There is another point: putting the policy on a statutory basis would address the charge that this debate is the thin end of the wedge, or the slippery slope. It is the complete opposite. The policy exists, and can be amended without parliamentary scrutiny. If we enshrine the policy in statute, it would take another statute to amend the law. Members will have their say on all sides of the debate, and will then vote. That is how we make laws in Parliament, and the public expect no less. In my opinion, the amendment deserves support.

I am grateful to my hon. Friend, and may I say how much I welcome what is on his website, which explains some of the issues? On the motion and amendment (a), the original motion that the House thought it was to consider included a reference to putting matters on a statutory basis. The motion was changed, and the amendment was brought forward. The first, and possibly only, vote this evening may put back into the motion what was taken out and put in amendment (a). Is that coincidence, or clever parliamentary practice?
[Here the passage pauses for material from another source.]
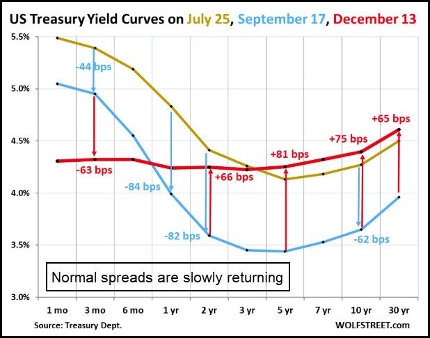 My proprietary model turned negative in June for four consecutive weeks. Usually, the model issues one or two signals before a major market change occurs. But never have there been six signals in one year, as has just occurred. What was missing earlier was that the yield curve was inverted and had been that way for nearly two years, the longest inversion ever. Since then, it has begun to normalize, with longer-term rates slowly rising above shorter-term. (See graph above, from WolfStreet.com.) The process has further to go before the spreads widen to historical norms. However, markets have a tendency to fall apart not when the yield curve inverts, but when it starts returning to normal. That is why I have interpreted my data somewhat more bearishly than I might have otherwise.

I make no secret of the fact that the original motion included the words in the amendment, but in discussion with colleagues on both sides of the argument, people rightly pointed out that there were two separate arguments in the motion, and one part might be successful, and the other defeated. The part that people agreed with might be defeated because of the bit that they did not agree with. It seemed perfectly sensible to separate the two bits. I confess that I had a conversation with the right hon. Member for Lewisham, Deptford, and she has bravely undertaken to move amendment (a) today.

I turn to the other amendment selected—amendment (b), on palliative care, in the name of my hon. Friend the Member for Congleton (Fiona Bruce). I am happy to accept the amendment. I would have signed it, if it would not have looked odd to sign an amendment to my own motion. I pay tribute to those working in the area of palliative care, and in particular to St Christopher’s hospice in south London, which works closely with a number of people in my constituency.

The previous and current Governments deserve credit for the progress that they have made towards greater access to care, notably through the end-of-life care strategy. We all recognise the first-class palliative care services provided by hospices, and we should be united in hoping that it can be replicated across all care settings. I give a warm welcome to the additional funding for end-of-life care announced last week by the Secretary of State for Health at the Marie Curie Cancer Care reception, but we should recognise that—as was acknowledged by Baroness Finlay, the renowned palliative care professor and passionate campaigner against a change in the law on assisted dying—such care is not a panacea to all the suffering that the dying process can cause.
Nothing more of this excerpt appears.